(Saved entries)
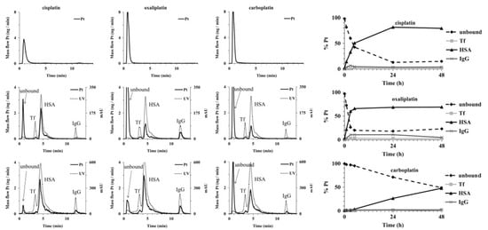 The quantification of Pt–protein adducts is necessary for assessing the dose-dependent response to treatment of individual patients. After identification of the major binding proteins in blood, quantitative analysis of the binding becomes possible. For example, a novel method was developed by Janez et al. for speciation of Pt in human serum []. The separation was based on affinity and ion exchange (IE) chromatographic modes using isocratic elution. A conjoint liquid chromatograph was constructed by placing one Protein G and one diethylamino (DEAE) disk in a single housing, thus enabling rapid two-dimensional separation of unbound Pt-based drugs and their complexes with proteins in human serum using a single injection. Separated Pt species were monitored online by ultraviolet (UV) and ICP-MS detection via isotope dilution (Figure 2). Compared with conventional 2D chromatographic separation method, which usually consists of SEC and IE, it was faster and simpler with satisfactory sensitivity, selectivity, method repeatability, and Pt recovery. Thus, it was subsequently used for the speciation of Pt in different samples, including the in vitro investigation of the interaction kinetics of cisplatin, carboplatin, and oxaliplatin with serum proteins and the distribution of Pt in spiked human serum (Figure 2). Kinetic studies showed that cisplatin and oxaliplatin react faster with serum proteins than carboplatin. Distribution studies showed that most of the Pt was bound with HSA, while IgG and Tf only accounted for small portions; the binding proteins were identified through a comparison with standard proteins reported as targets of platinum drug in serum. It is worth noting that these are high-abundance proteins in serum. The developed method could be useful for preclinical and clinical studies of the interaction and distribution of metallo-drugs with proteins in blood. Later, Larios et al. used a similar method to detect and accurately quantify adducts of plasma/serum proteins with carboplatin, and a similar distribution of Pt on serum proteins was obtained []. The reference methodology requires the usage of a Pt–HSA adduct calibrant with natural Pt isotopic composition and a 194Pt–HSA spike, which could be very useful for clinic analysis.
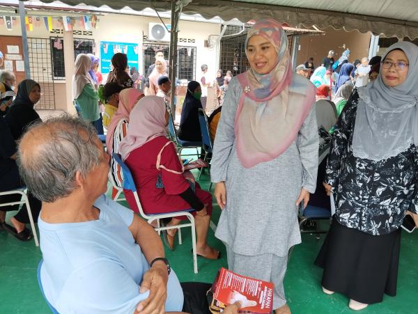 Calon Pakatan Harapan (HARAPAN) Dewan Undangan Negeri Hulu Kelang Juwairiya Zulkifli beramah mesra bersama penduduk pada program Jelajah Ehsan Rahmah Parlimen Gombak di Dewan JKKK, Kampung Kemensah, Gombak pada 27 Julai 2023. Foto SHAMZ JOHAN/SELANGORKINI.[/caption]
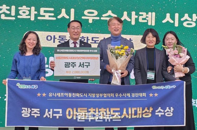 (원투원뉴스) 광주광역시 서구가 ‘함께서구 행복학교’ 정책으로 아동친화도시 대상을 수상했다. 서구는 18일 충남 홍성군에서 유니세프아동친화도시 지방정부협의회가 주최한 2025 아동친화도시 우수사례 시상식에서 전국 최우수 지자체로 선정돼 대상인 보건복지부 장관상을 수상했다.
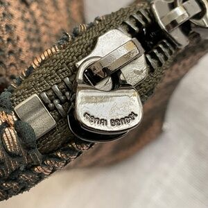Henri Bendel, Animal print fabric, fold over wristlet,clutch.Gunmetal hardware.Main zip closure compartment .Front compartmant with magnetic snap closure.Pink satin lining.
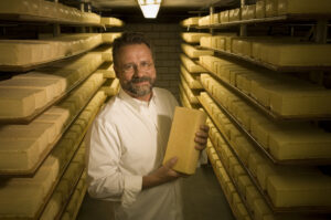 Master Cheese Maker Joe is the third-generation Widmer to oversee the family business. They’re best known for their classic Wisconsin brick cheese, particularly the award-winning aged cheddar.
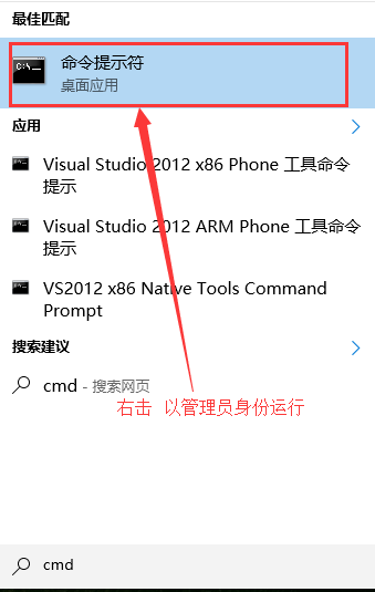 1、右擊開始按鍵選擇搜索輸入cmd,會(huì)出現(xiàn)一個(gè)命令提示符右鍵選擇以管理員身份運(yùn)行這個(gè)選項(xiàng),不然就會(huì)出現(xiàn)一個(gè)身份不夠的錯(cuò)誤碼
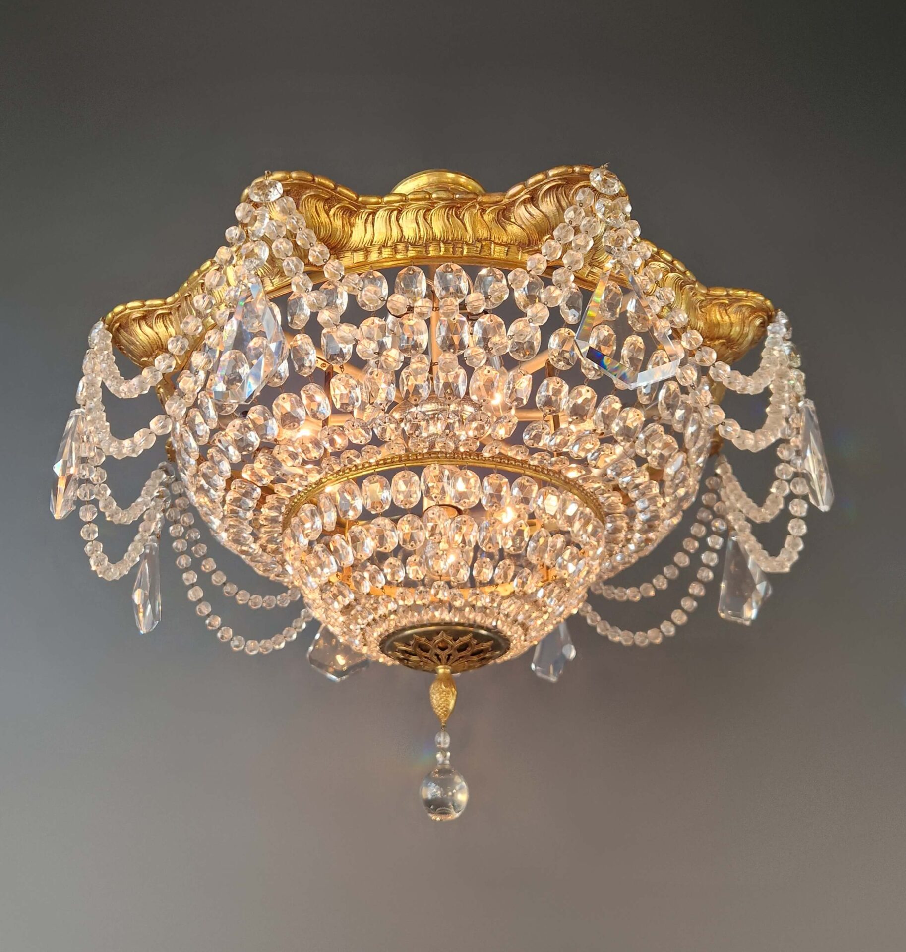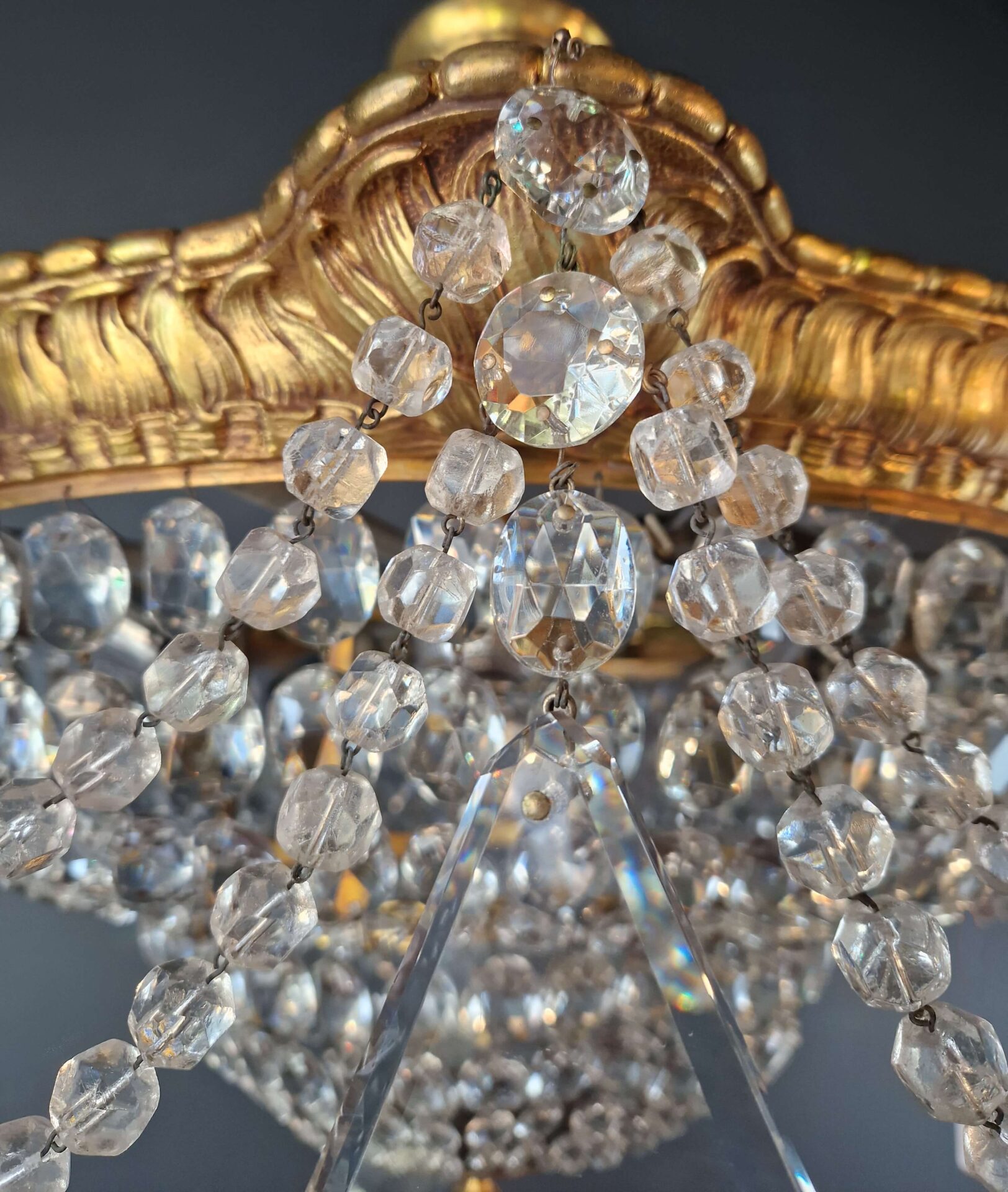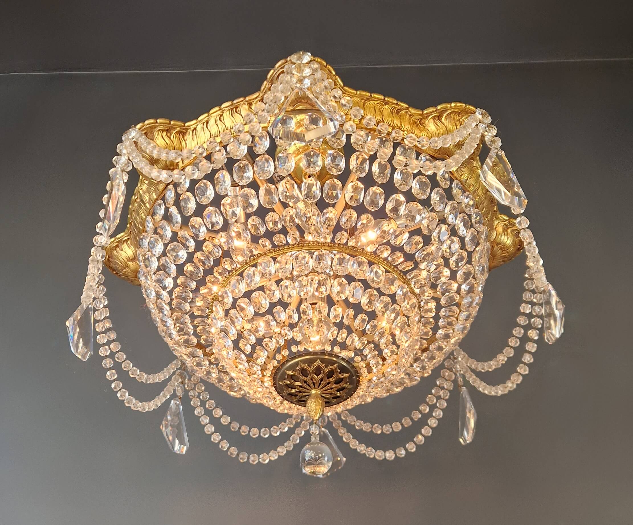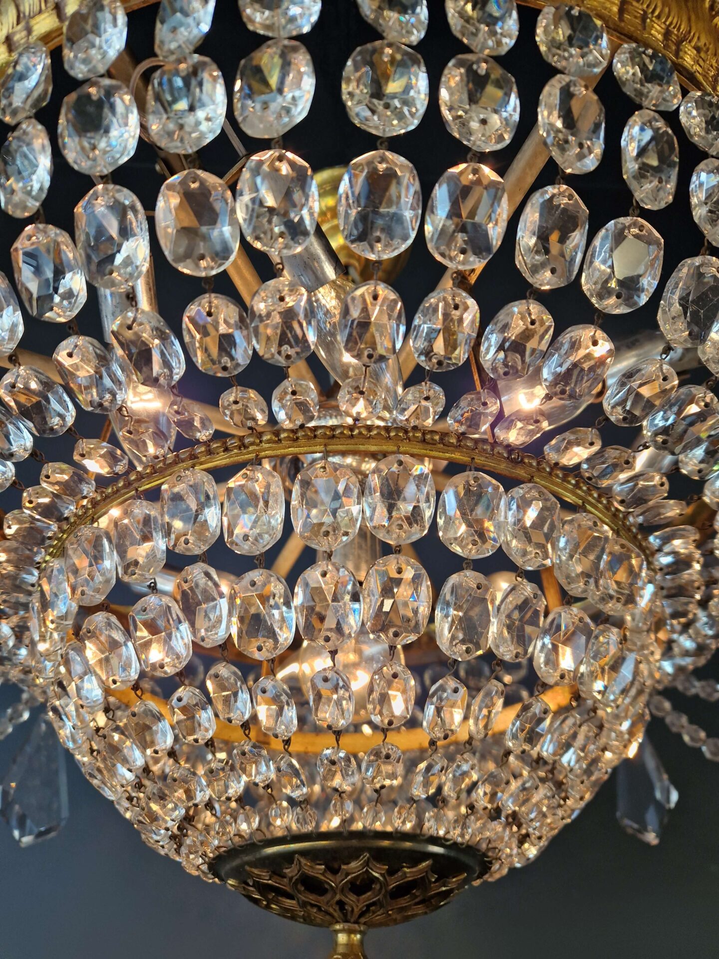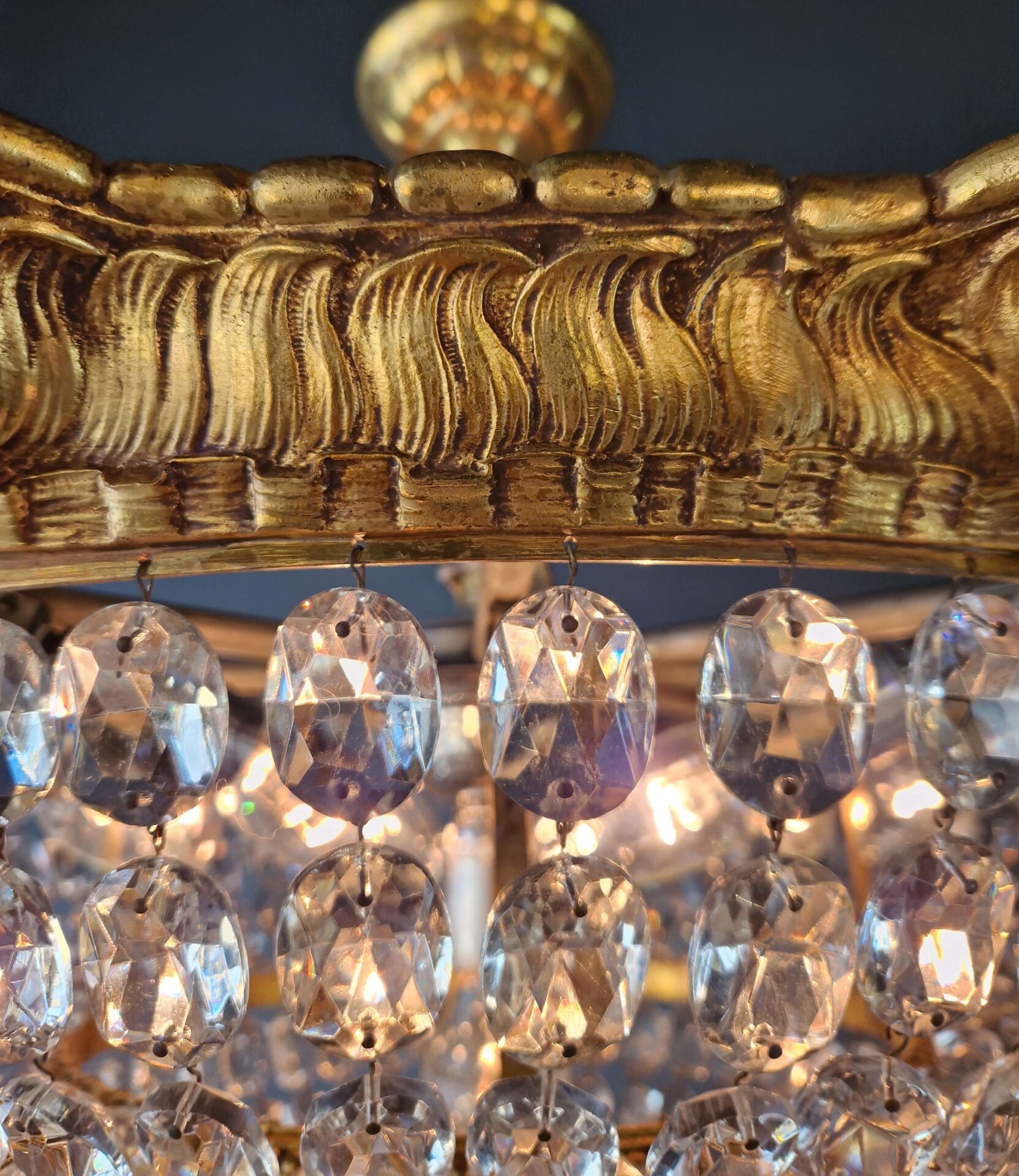 Stilistisch lässt sich dieser Lüster dem Neobarock oder dem Historismus zuordnen. Ein prägendes Merkmal ist der sanft geschwungene obere Rand, der dem Stück Dynamik und fließende Eleganz verleiht. Darunter reflektiert und streut ein dichter, mehrstufiger Kristallkorb das Licht auf wunderschöne Weise im Raum.
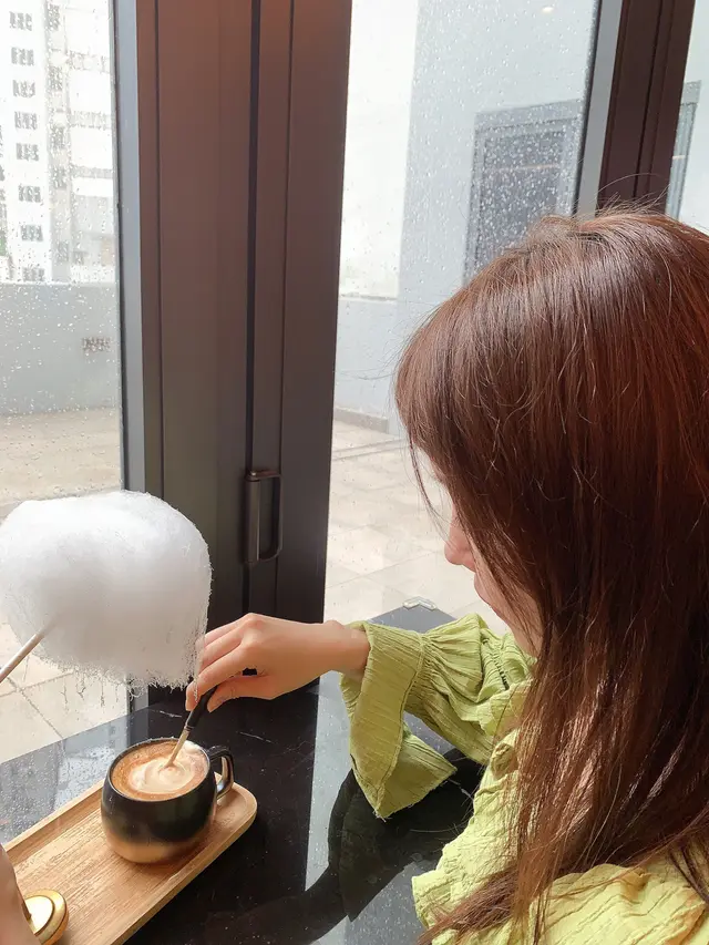 最後,叫咗個「棉花糖咖啡」$58!☁️☕️ 呢個棉花糖真係勁似一舊雪❄️,慢慢跌落嚟,影相一流📸!打卡一流!勁靚!🥰 咖啡嘅味道都唔錯,甜甜哋,好啱女仔口味!💖

# WORK INSTRUCTION
Copy the records exactly. Skip the pictures.

# ANSWER BOX
 The quantification of Pt–protein adducts is necessary for assessing the dose-dependent response to treatment of individual patients. After identification of the major binding proteins in blood, quantitative analysis of the binding becomes possible. For example, a novel method was developed by Janez et al. for speciation of Pt in human serum []. The separation was based on affinity and ion exchange (IE) chromatographic modes using isocratic elution. A conjoint liquid chromatograph was constructed by placing one Protein G and one diethylamino (DEAE) disk in a single housing, thus enabling rapid two-dimensional separation of unbound Pt-based drugs and their complexes with proteins in human serum using a single injection. Separated Pt species were monitored online by ultraviolet (UV) and ICP-MS detection via isotope dilution (Figure 2). Compared with conventional 2D chromatographic separation method, which usually consists of SEC and IE, it was faster and simpler with satisfactory sensitivity, selectivity, method repeatability, and Pt recovery. Thus, it was subsequently used for the speciation of Pt in different samples, including the in vitro investigation of the interaction kinetics of cisplatin, carboplatin, and oxaliplatin with serum proteins and the distribution of Pt in spiked human serum (Figure 2). Kinetic studies showed that cisplatin and oxaliplatin react faster with serum proteins than carboplatin. Distribution studies showed that most of the Pt was bound with HSA, while IgG and Tf only accounted for small portions; the binding proteins were identified through a comparison with standard proteins reported as targets of platinum drug in serum. It is worth noting that these are high-abundance proteins in serum. The developed method could be useful for preclinical and clinical studies of the interaction and distribution of metallo-drugs with proteins in blood. Later, Larios et al. used a similar method to detect and accurately quantify adducts of plasma/serum proteins with carboplatin, and a similar distribution of Pt on serum proteins was obtained []. The reference methodology requires the usage of a Pt–HSA adduct calibrant with natural Pt isotopic composition and a 194Pt–HSA spike, which could be very useful for clinic analysis.
 Calon Pakatan Harapan (HARAPAN) Dewan Undangan Negeri Hulu Kelang Juwairiya Zulkifli beramah mesra bersama penduduk pada program Jelajah Ehsan Rahmah Parlimen Gombak di Dewan JKKK, Kampung Kemensah, Gombak pada 27 Julai 2023. Foto SHAMZ JOHAN/SELANGORKINI.[/caption]
 (원투원뉴스) 광주광역시 서구가 ‘함께서구 행복학교’ 정책으로 아동친화도시 대상을 수상했다. 서구는 18일 충남 홍성군에서 유니세프아동친화도시 지방정부협의회가 주최한 2025 아동친화도시 우수사례 시상식에서 전국 최우수 지자체로 선정돼 대상인 보건복지부 장관상을 수상했다.
Henri Bendel, Animal print fabric, fold over wristlet,clutch.Gunmetal hardware.Main zip closure compartment .Front compartmant with magnetic snap closure.Pink satin lining.
 Master Cheese Maker Joe is the third-generation Widmer to oversee the family business. They’re best known for their classic Wisconsin brick cheese, particularly the award-winning aged cheddar.
 1、右擊開始按鍵選擇搜索輸入cmd,會(huì)出現(xiàn)一個(gè)命令提示符右鍵選擇以管理員身份運(yùn)行這個(gè)選項(xiàng),不然就會(huì)出現(xiàn)一個(gè)身份不夠的錯(cuò)誤碼
 Stilistisch lässt sich dieser Lüster dem Neobarock oder dem Historismus zuordnen. Ein prägendes Merkmal ist der sanft geschwungene obere Rand, der dem Stück Dynamik und fließende Eleganz verleiht. Darunter reflektiert und streut ein dichter, mehrstufiger Kristallkorb das Licht auf wunderschöne Weise im Raum.
 最後,叫咗個「棉花糖咖啡」$58!☁️☕️ 呢個棉花糖真係勁似一舊雪❄️,慢慢跌落嚟,影相一流📸!打卡一流!勁靚!🥰 咖啡嘅味道都唔錯,甜甜哋,好啱女仔口味!💖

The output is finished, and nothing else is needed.